Why Does Food & Wine‘s ‘Best New Chefs’ Keep Snubbing Women?
Every year I take issue with — and write a Letter to — Food & Wine magazine, in response to the low representation of women in the annual July “Ten Best New Chefs” list. This prestigious, career-making recognition celebrates up-and-coming chefs in America with a distinctive culinary style and vision.
That’s not to say that no women get selected at all — and Congratulations are in order for the two women selected this year: Jenn Louis, 41, of Lincoln Restaurant/Sunshine Tavern in Portland, OR and Karen Nicolas, 38, of Equinox in Washington, DC. Last year Stephanie Izard, chef/owner of Girl & The Goat in Chicago, was the female lone ranger. She is also the only woman winner on TV’s “Top Chef,” in 2008. Missy Robbins, of A Voce in New York City, was the only F&W woman chef in 2010.
Eligible chefs have to have run their own professional kitchen for five or less years. Chefs are selected by food industry experts and writers around the country. F&W editors then travel incognito to taste the food themselves.
Why do so few women chefs meet Food & Wine’s criteria? Since the list’s inception in 1988 fewer than 40 female chefs have been included on Food & Wine’s list.
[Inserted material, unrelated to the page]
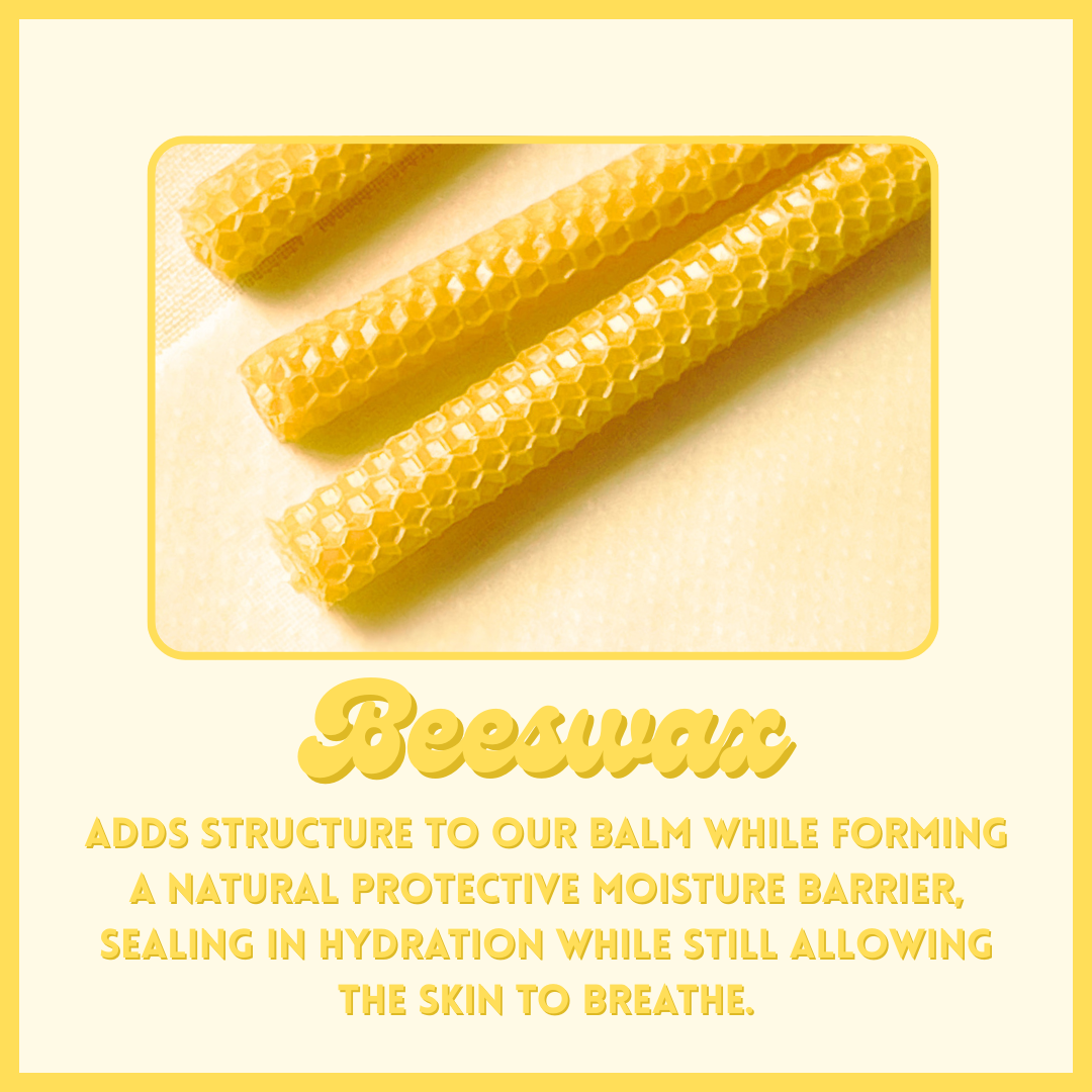 A natural protector, beeswax gives structure to the balm while sealing in hydration. It softens, smooths, and protects delicate lips from dryness and harsh elements.

Here’s the beef: Allowing more than a decade for passage through the culinary pipeline, one may expect the number of female up-and-coming, cutting-edge “Best New Chefs” who meet the criteria to increase. Currently, women are nearing half of the student enrollment at the top culinary schools; a record percentage is enrolled at the Culinary Institute of America. With this near-parity in schools, can we expect the Food & Wine ranks to change? Or will this devolve into the annual Male Call for the Food & Wine “Ten Best New Chefs” issue?
Last year Food & Wine introduced “The People’s Best New Chef.” All the regional and national winners in 2011 and 2012 were male. Of the 100 nominees considered by industry experts in 2011, only nine were women. This year, ten women were included among the 100 nominees.
Food & Wine launched “Best New Pastry Chefs” this year. Stella Parks, 31, of Table Three Ten in Lexington, KY, and Laura Sawicki, 33, of La Condesa in Austin TX, were among the five winners. Food & Wine’s “People’s Best New Pastry Chef” winner was male, out of 50 national contenders (27 female), all of whom have been in charge of a pastry kitchen for five years or fewer.
Here’s some more food for thought: When will women earn their just desserts on the Food & Wine lists and other industry honors? Or are these accolades reserved for only the most famous names in the business? Two women made the new Forbes list of top-earning chefs between June 2011 and June 2012: No. 2, Rachael Ray, $25 million and No. 4, Paula Dean, $17 million. But while it’s great to see female celebrity chefs garnering recognition, there’s slow progress for women chefs on the ground.